Gina laughed. “Who doesn’t? So where’s the prince?”
“There were two of them who got upset about the speeches. But the third prince said she was right and helped her and—this is the part I always liked—he had these crinkles...” she screwed up her face to make laugh lines at the corners of her eyes “...right here, and he promised her he’d help her make things better and that she’d laugh every day if she married him, so CinderTess knew he was the one.” She looked back down at the picture. “I’m sure Lanny meant well, but those crinkles have played merry hell with my life ever since I met Nick.”
Someone knocked on the door.
“Must be the landlord,” Gina said. “Try not to hurt him too bad.”
Tess tossed the snapshot on the end table and stood up, tipping her exasperated cat out of her lap again, but when she opened the door, it was Nick.
“I know you’re upset, so I won’t bother you for long.” He smiled at her, his dark eyes brimming with the confident charm she found alternately obnoxious and irresistible, depending on the reason he was using it on her. There were crinkles at the corners of his eyes, and a lock of his hair fell over one eye and made him look rakish and endearing.
Tess was sure he knew he looked rakish and endearing.
Still, he also knew she was troubled, and that was touching.
His smile broadened as she hesitated. “I brought you something to cheer you up,” he said, handing her a carton of Chinese food.
“What is it?” Tess said, taking it from him, knowing she shouldn’t but weakening.
“Pot stickers,” Nick said. “Double order.”
“Oh.” Tess blinked at him. “You remembered.”
“I remember everything,” Nick said, and Tess’s uncertain expression turned to contempt.
“That sounds like a line,” she said. “Did you really come back to apologize, or is this something that you and that weasel you work for have cooked up to close some deal?”
“Park? Funny you should mention Park—” Nick said, and Tess slammed the door in his face again and went back to her chair, dropping the pot stickers on the table as she sat.
“He’s hopeless,” Tess began, and then she jumped when Nick opened the door and closed it behind him, throwing the dead bolts.
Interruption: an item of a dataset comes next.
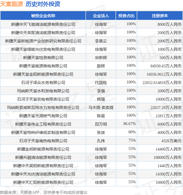 证券之星消息,根据天眼查APP显示,天富能源(600509.SH)新增一起对外投资事件,被投资公司为新疆天富融汇低碳能源合伙企业(有限合伙),法定代表人新疆中天飞驰清洁能源有限责任公司,投资占比为-。该公司从事电力、热力生产和供应业,注册资本为259850万人民币。目前,天富能源共存在对外投资27项,投资占比前20的项目见下表:

“Lock your door, dummy,” he said. “This is a terrible neighborhood. Anybody could walk in here.”
“Anybody just did.” Tess put her hands on her hips, faking indignation. “Go away.”
Nick headed for the kitchen, stopping only to pat Gina on the head. “Hi, kid. Good to see you again. You look great.”
Gina beamed and started to say something, but he’d moved on by then. She checked herself, her smile fading, and then she dug in her purse until she found a stick of gum.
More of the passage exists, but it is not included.